他夜夜守着,早就在等这一刻。
但他要的不是一时半刻的癫狂欢欲,他大约是有病,一旦遇到能燃起他死寂灵魂的东西,一次就容易上瘾。
一旦上瘾,便万劫不复。
他等到了人,比及一晌贪欢,他能付出最大的耐心,更想和这人谈一谈。
“你想要什——”
听不到动静,陆清珵顿了顿又开了口,但话没说完就是一顿:一支枝条缓缓绕在了他的脖颈上,正慢慢一点点收紧。
继而他听到了那个熟悉的女人声音,依旧是气音,很轻却又透着明显的嘲讽。
“要什么,”
秦白听到他问“要吗”的时候,心里气急反笑,簌簌枝叶微颤,她在他耳边轻哂一声,“技术太烂,不如我送你直接去极乐世界——”
说着,勒出他脖颈的枝叶微微一用力,陆清珵的脖颈顿时被勒出一道凹痕。
吓一吓他,或者会知难而退。
技术太烂?
陆清珵一怔。
这回应太过出乎意料,他震惊之下,甚至一时都没做出反应。
不等他反应过来想说什么,便觉得眼前一黑,强烈的窒息感令他张开了嘴,一道死亡的威胁霎时从他心底窜起,却偏又激起他心底的强烈征服欲。
他没有挣扎,看似十分平和乖顺,浑身的血却没忍住燃起……他更加渴望,渴望到有些扭曲。
“你不行,”
秦白的声音轻轻轻轻地在他耳边响起,“还有,别再让我在夜里见到你——除非你找死。
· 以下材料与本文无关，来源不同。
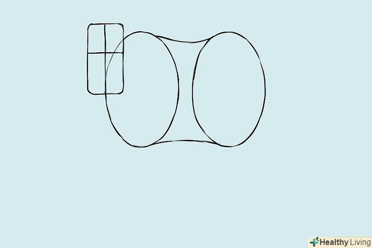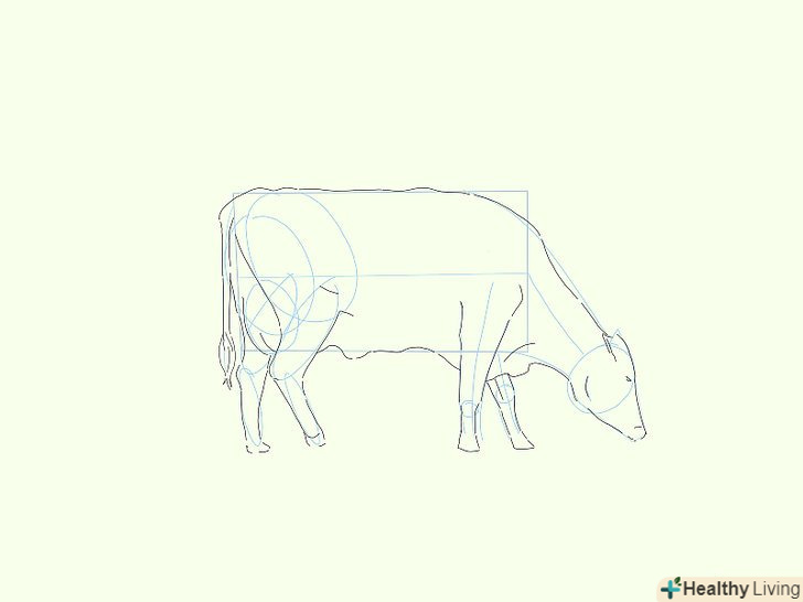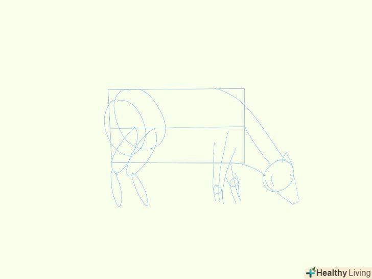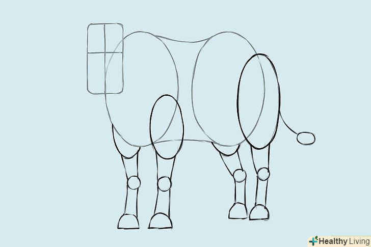 Зробіть начерк тіла корови. Вертикальним прямокутником з хрестом по центру позначте морду корови. Тіло обмежте двома вертикальними овалами і з'єднайте їх між собою увігнутими лініями. Зробіть начерк тіла корови. Вертикальним прямокутником з хрестом по центру позначте морду корови. Тіло обмежте двома вертикальними овалами і з'єднайте їх між собою увігнутими лініями.
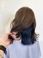 ベースはブラウン系のカラーに、インナー部分は2回程色を抜いてある状態に上から青系のカラーを被せています。普段のカラーに飽きた方や冒険してみたい!方におすすめのデザインカラーです!
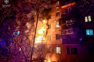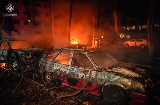 У результаті удару сталось загорання газової труби, чотирьох припаркованих легкових автомобілів, балконів на третьому та четвертому поверхах та квартири на другому поверсі п’ятиповерхового житлового будинку на загальній площі 50 кв. м. Про це повідомляє ДСНС України.
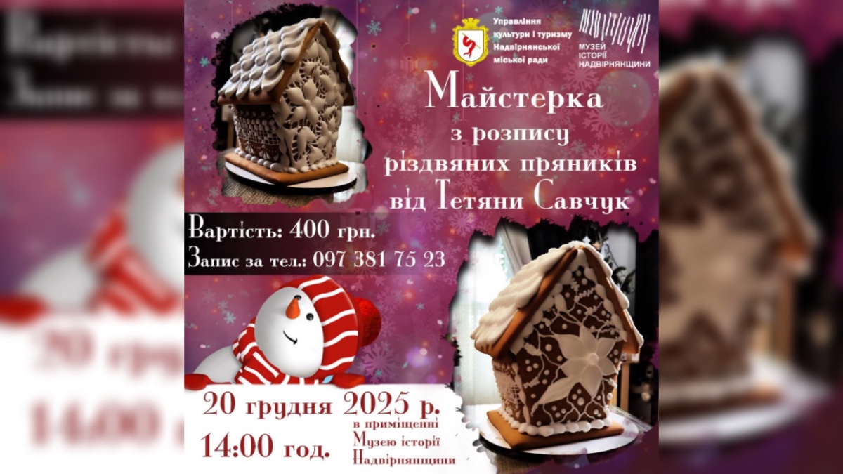 Музей історії Надвірнянщини запрошує на традиційну різдвяну майстерку від Тетяни Савчук. Учасники розписуватимуть 3D пряникову хатинку, експериментуватимуть з техніками декору, поринуть у святкову атмосферу та зможуть задонатити на ЗСУ.

”
又补充一句接着恐吓他,“你的血很香,大补。”
这话像不像个妖精?
不等陆清珵再有什么反应,秦白在他脑后一点,让他整个人晕了过去。
撤回枝条,秦白扫了一眼陆清珵脖颈间的那一道红痕,略一忖度,没有管它:免得这人好了伤疤忘了疼。
明天看到这道痕,希望这人知道怕了,识趣一点。
她敛起心神吸纳碎片能量。
几个小时后,顺利回了家。
……
次日一大早,天有点阴沉。
“四哥?”
陆珩在陆清珵过来这边吃早饭时,看着他脖颈上的一道红痕,吃了一惊,“你,你脖子怎么了?”
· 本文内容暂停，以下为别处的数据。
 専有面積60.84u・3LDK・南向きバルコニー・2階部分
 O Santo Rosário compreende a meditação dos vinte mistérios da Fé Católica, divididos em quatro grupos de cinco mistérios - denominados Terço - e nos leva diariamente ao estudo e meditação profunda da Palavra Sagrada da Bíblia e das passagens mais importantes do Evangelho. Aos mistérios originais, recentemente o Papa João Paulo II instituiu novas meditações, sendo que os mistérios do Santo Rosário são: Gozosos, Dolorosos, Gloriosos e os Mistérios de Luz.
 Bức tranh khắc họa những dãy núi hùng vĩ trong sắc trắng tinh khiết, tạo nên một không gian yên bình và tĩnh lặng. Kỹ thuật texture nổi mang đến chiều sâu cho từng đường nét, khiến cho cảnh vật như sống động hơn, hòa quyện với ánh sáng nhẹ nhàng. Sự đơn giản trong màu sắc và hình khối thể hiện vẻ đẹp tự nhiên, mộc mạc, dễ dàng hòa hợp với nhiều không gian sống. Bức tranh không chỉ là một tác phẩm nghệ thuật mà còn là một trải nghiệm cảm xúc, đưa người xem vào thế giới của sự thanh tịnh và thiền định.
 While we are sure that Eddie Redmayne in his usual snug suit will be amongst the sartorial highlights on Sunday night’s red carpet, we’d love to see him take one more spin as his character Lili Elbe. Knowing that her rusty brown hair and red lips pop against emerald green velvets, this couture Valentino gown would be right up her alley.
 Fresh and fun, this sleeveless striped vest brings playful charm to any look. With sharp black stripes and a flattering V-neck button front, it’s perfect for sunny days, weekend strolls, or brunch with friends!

说着他仔细看了一下,神色严肃,“是勒痕——谁?四哥你昨夜遇袭了?”
甚至他能看出,勒住他四哥脖颈的,大约是一条不甚光滑的绳索,且看痕迹角度,对方大约是比他四哥高一些?
“你嫂子,”
陆清珵一笑,声音还有点哑,“她瞎玩呢。”
陆珩:“……”
旁边周老、陈伯等人:“……”
“阿珵……”
陈伯吃惊,“有对象了?”
怪不得阿珵要一个人住,原来是对象要过来,可为什么不带过来一起吃饭?为什么他之前从没听到一点消息?
“不是,四哥,”
陆珩也是服了,“这……下手是不是有点重?”
一般人怎么会下手这么重?
“我喜欢,”
陆清珵坐下,神色十分自然从容,“很舒服。”
陆珩:“……”
他四哥情趣貌似有点奇怪,但他不能再问了。
这餐厅一下子寂然无声,连周辛神色都有点不自然:他一把年纪了,真不理解眼下年轻人的嗜好。
“四哥,”
陆珩闷头吃完饭,没忍住又道,“一会儿我去接曲老的学生——听说是曲老的关门弟子,功课很好,眼下在读博的,医术也不错,等他来了,让他给你弄点药敷一敷?”
“不必,”
陆清珵浑不在意,“今天我要回京一趟。”
“回京?”
陆珩忙道,“跟……嫂子一起?”
话说回来这位嫂子好神秘啊,到现在四哥都还藏着,妥妥金屋藏娇,怎么就瞒着呢?按理说他四哥不是那种藏着掖着的人……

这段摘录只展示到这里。